Afwijzing verzoek tot uitsluitend gebruik van de echtelijke woning in echtscheidingsprocedure

In deze zaak heeft het Gerechtshof Arnhem op 6 april 2004 uitspraak gedaan in hoger beroep betreffende een verzoek van een vrouw om het uitsluitend gebruik van de echtelijke woning tijdens de echtscheidingsprocedure. De vrouw had eerder bij de rechtbank te Zwolle een verzoek ingediend tot vaststelling van een bijdrage in de kosten van levensonderhoud en opvoeding van de kinderen, welke was afgewezen. De vrouw verzocht het hof om bij beschikking te bepalen dat zij bij uitsluiting gerechtigd is tot het gebruik van de echtelijke woning, met een bevel aan de man om deze woning niet meer te betreden. De man had daarentegen verzocht om het uitsluitend gebruik van de woning voor de duur van de procedure.

Het hof overwoog dat de vrouw onvoldoende aannemelijk had gemaakt dat de situatie in de echtelijke woning onhoudbaar was, ondanks haar claims van mishandeling en intimidatie door de man.

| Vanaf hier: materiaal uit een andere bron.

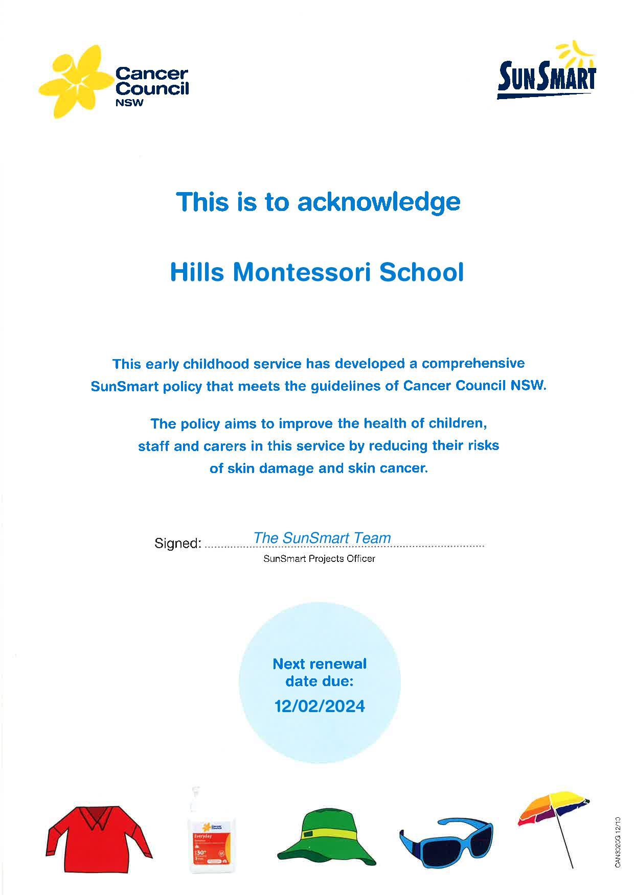Hills Montessori is pleased to be recognised as a Sun Smart Preschool
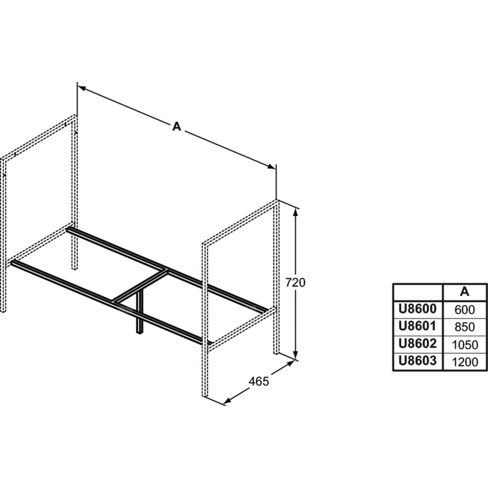 Półka ramy nośnej 60 cm do montażu stojącego, do łączenia z nogami ramy nośnej. Zestaw montażowy w komplecie. Przeznaczone do kompletowania z nogami ramy nośnej do montażu stojącego z konsolą pod umywalkę i blatem.
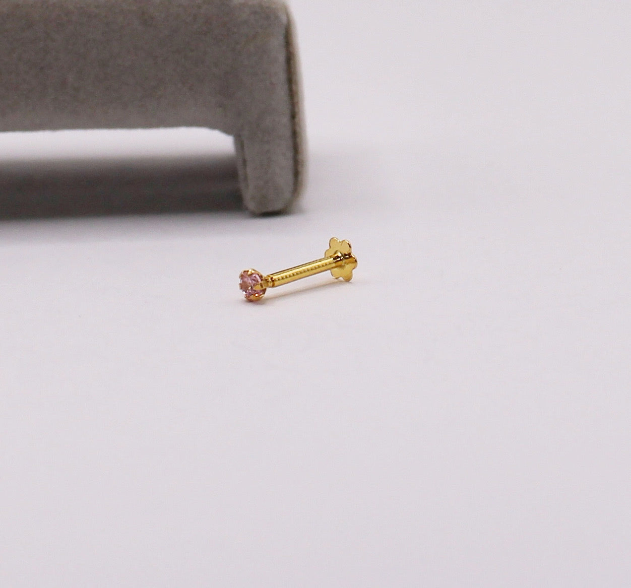 Tiny baby pink stud in solid 14carat gold suitable for nose and ears. Lovely for stacking and baby/toddler ears.
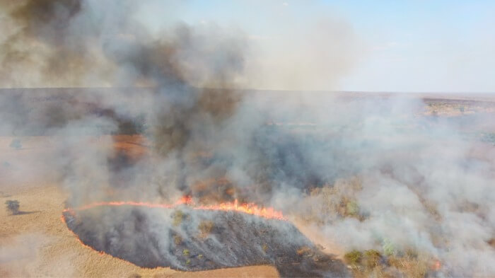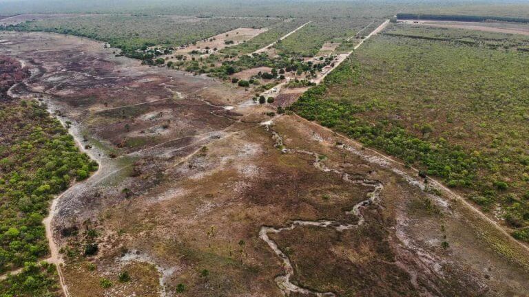 Florestas queimadas na Fazenda Parceiro, de propriedade do produtor agrícola brasileiro SLC Agrícola, e localizada no ‘município mais desmatado’ do Cerrado, outubro de 2020. Foto: ITV/TBIJ
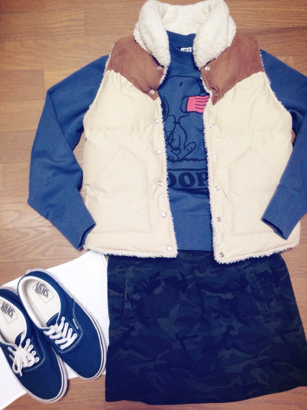 トレーナー○UNIQLO ダウンベスト○ブランド不明 スニーカー○VANS ストリートがよくわかりません…。スヌーピー大好き。
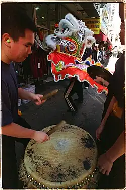- ↑ Benji Chang (2013). «Chinese Lion Dance in the United States». Asian Americans: An Encyclopedia of Social, Cultural, Economic, and Political History. Greenwood Press. ISBN 978-1598842395.

De man betwistte deze claims en stelde dat de vrouw nog steeds betrokken was bij zijn zakelijke activiteiten. Het hof concludeerde dat de vrouw haar verzoek tot uitsluitend gebruik van de woning niet kon onderbouwen en wees dit verzoek af. Tevens werd het verzoek van de man om het uitsluitend gebruik van de woning voor de duur van de procedure afgewezen, omdat hij dit verzoek niet nader had gemotiveerd.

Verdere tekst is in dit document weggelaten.